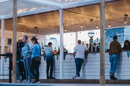 London, UK - June 22, 2019: People ordering drinks from a bar at the Summer by the River open air festival taking place in 2019 in London Bridge, London. During blue hour, selective focus.
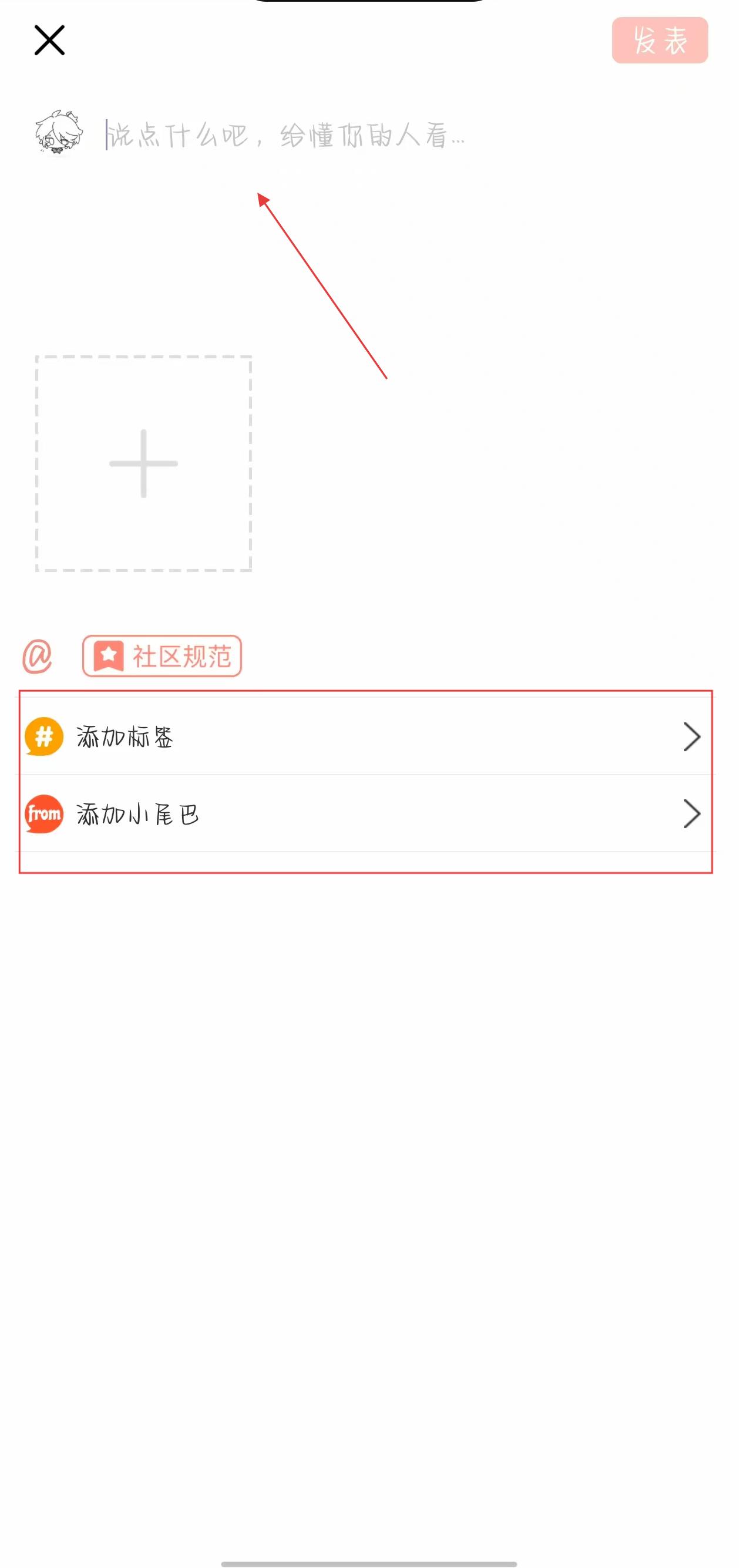 3、在动态编辑页面的输入框中,输入要发布的内容,也可点击添加标签,添加小尾巴进行个性化设置。
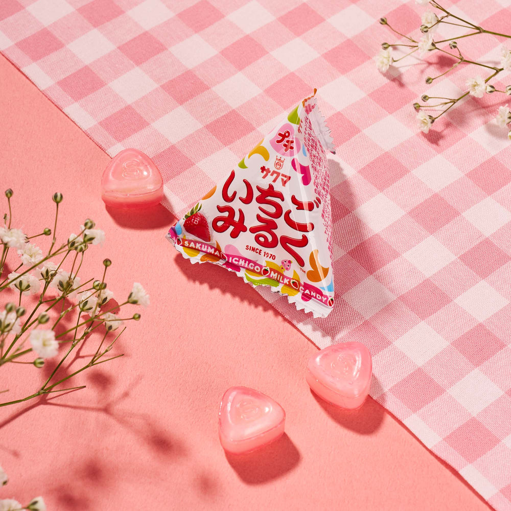 This pack of candy contains three pieces of crispy mille-feuille that's wrapped in strawberry candy for a satisfying bite!
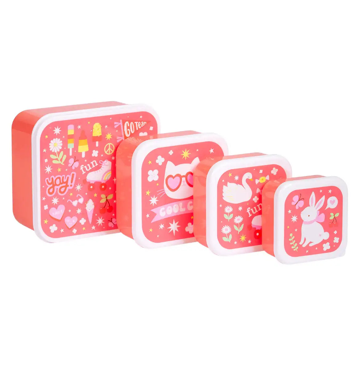 Keep your favorite snacks in this lunch & snack box set with wonderful themes. Fruit, veggies, cookies, and candy, as well as your sandwiches, can easily fit in one of these boxes. These lovely lunch & snack box sets include four different container sizes with a lovely design. Great for school lunches and snacks on the go.
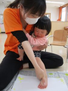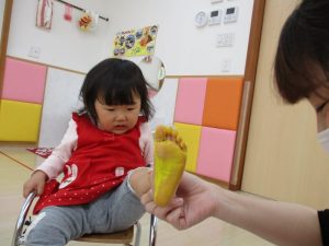 お次は、可愛い足に絵の具を塗って、足型をペタッ![]()
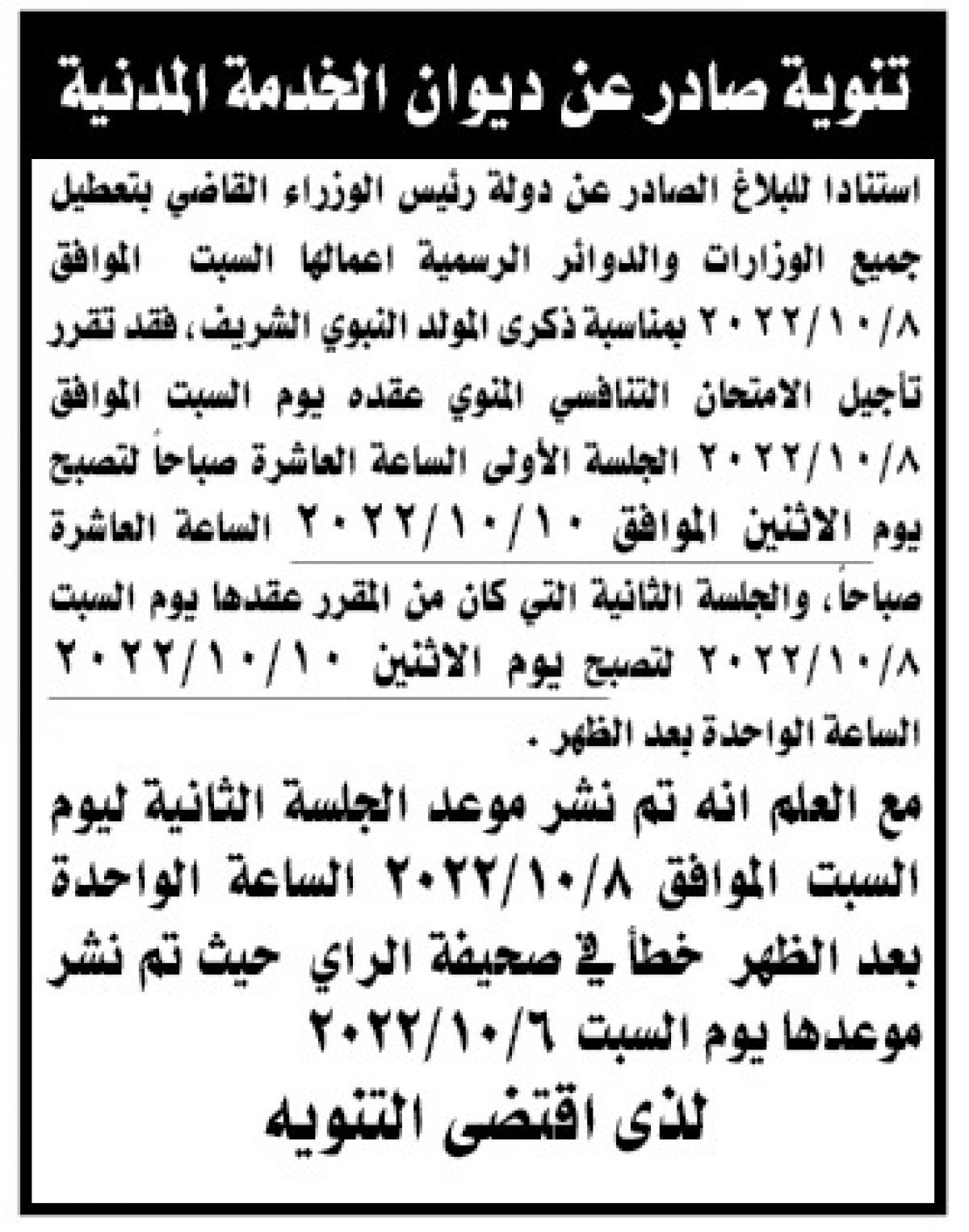 نيروز الإخبارية : قرر ديوان الخدمة المدنية تأجيل الامتحان التنافسي المنوي عقده السبت 8 تشرين الأول الجاري إلى يوم الإثنين الذي يليه.
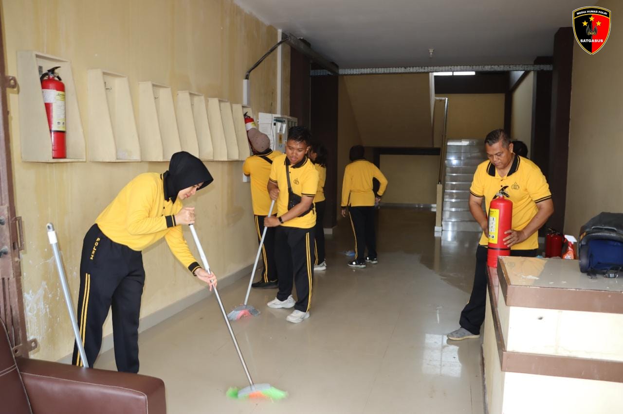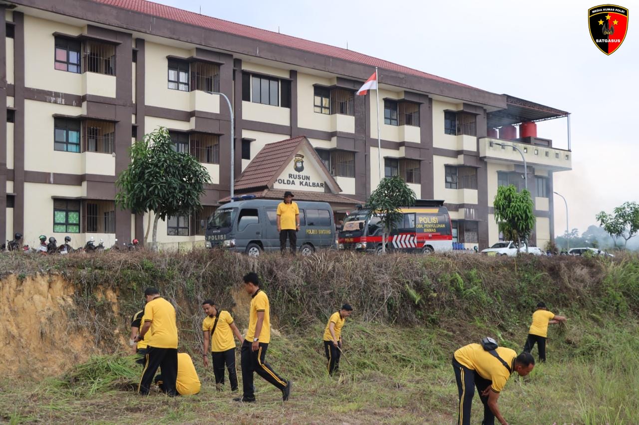 Menyongsong panen raya jagung serentak kuartal III dalam program Asta Cita Ketahanan Pangan, Polres Sintang menggelar kegiatan kurve atau kerja bakti di kawasan Rumah Susun (Rusun) Polda Kalbar, Sabtu (26/9) Pagi.
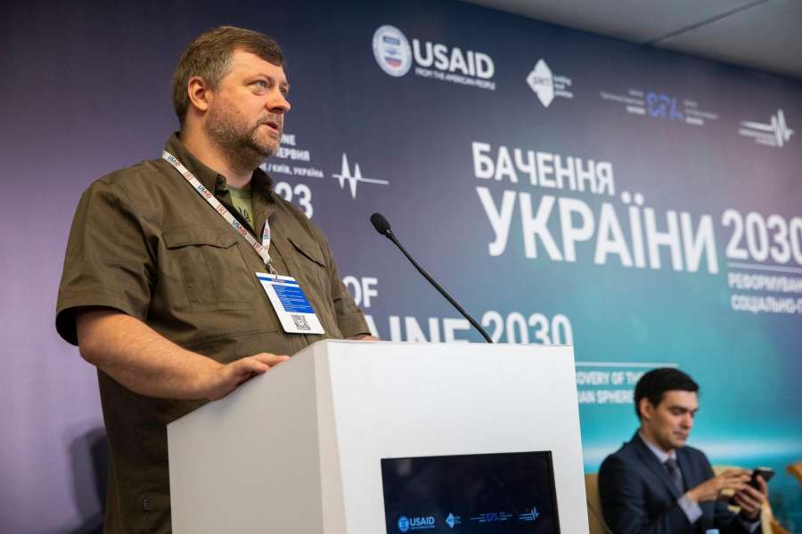 Перший заступник Голови Верховної Ради України Олександр Корнієнко взяв участь у презентації та обговоренні візійного, адвокаційного документа політик «Бачення України 2030: реформування та відновлення соціально-гуманітарної сфери», де виступив із вітальним словом.
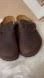 Comfortable brown clogs with adjustable strap. Classic Birkenstock design.
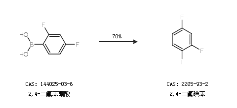 1.通过2,4-二氟苯硼酸合成2,4-二氟碘苯,收率约70%;
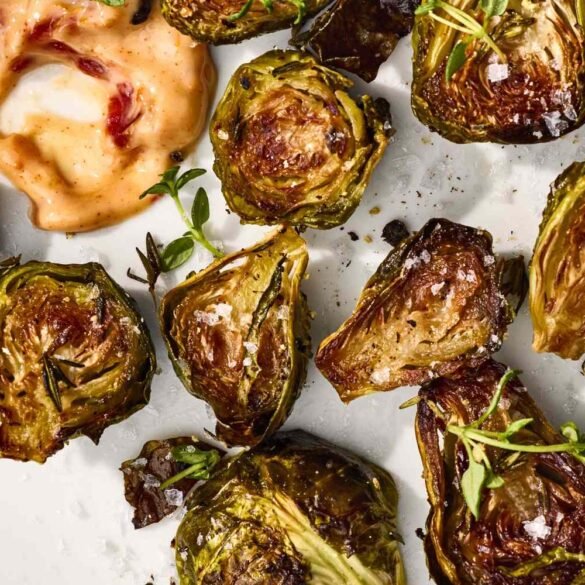 High heat delivers brussels sprouts with fork-tender centers and crisp, caramelized edges. A sun-dried tomato aïoli dipping sauce is tangy...

What the exercise asks
The entries above must be output exactly, with every image left out.

Exercise result
 London, UK - June 22, 2019: People ordering drinks from a bar at the Summer by the River open air festival taking place in 2019 in London Bridge, London. During blue hour, selective focus.
 3、在动态编辑页面的输入框中,输入要发布的内容,也可点击添加标签,添加小尾巴进行个性化设置。
 This pack of candy contains three pieces of crispy mille-feuille that's wrapped in strawberry candy for a satisfying bite!
 Keep your favorite snacks in this lunch & snack box set with wonderful themes. Fruit, veggies, cookies, and candy, as well as your sandwiches, can easily fit in one of these boxes. These lovely lunch & snack box sets include four different container sizes with a lovely design. Great for school lunches and snacks on the go.
 お次は、可愛い足に絵の具を塗って、足型をペタッ![]()
 نيروز الإخبارية : قرر ديوان الخدمة المدنية تأجيل الامتحان التنافسي المنوي عقده السبت 8 تشرين الأول الجاري إلى يوم الإثنين الذي يليه.
 Menyongsong panen raya jagung serentak kuartal III dalam program Asta Cita Ketahanan Pangan, Polres Sintang menggelar kegiatan kurve atau kerja bakti di kawasan Rumah Susun (Rusun) Polda Kalbar, Sabtu (26/9) Pagi.
 Перший заступник Голови Верховної Ради України Олександр Корнієнко взяв участь у презентації та обговоренні візійного, адвокаційного документа політик «Бачення України 2030: реформування та відновлення соціально-гуманітарної сфери», де виступив із вітальним словом.
 Comfortable brown clogs with adjustable strap. Classic Birkenstock design.
 1.通过2,4-二氟苯硼酸合成2,4-二氟碘苯,收率约70%;
 High heat delivers brussels sprouts with fork-tender centers and crisp, caramelized edges. A sun-dried tomato aïoli dipping sauce is tangy...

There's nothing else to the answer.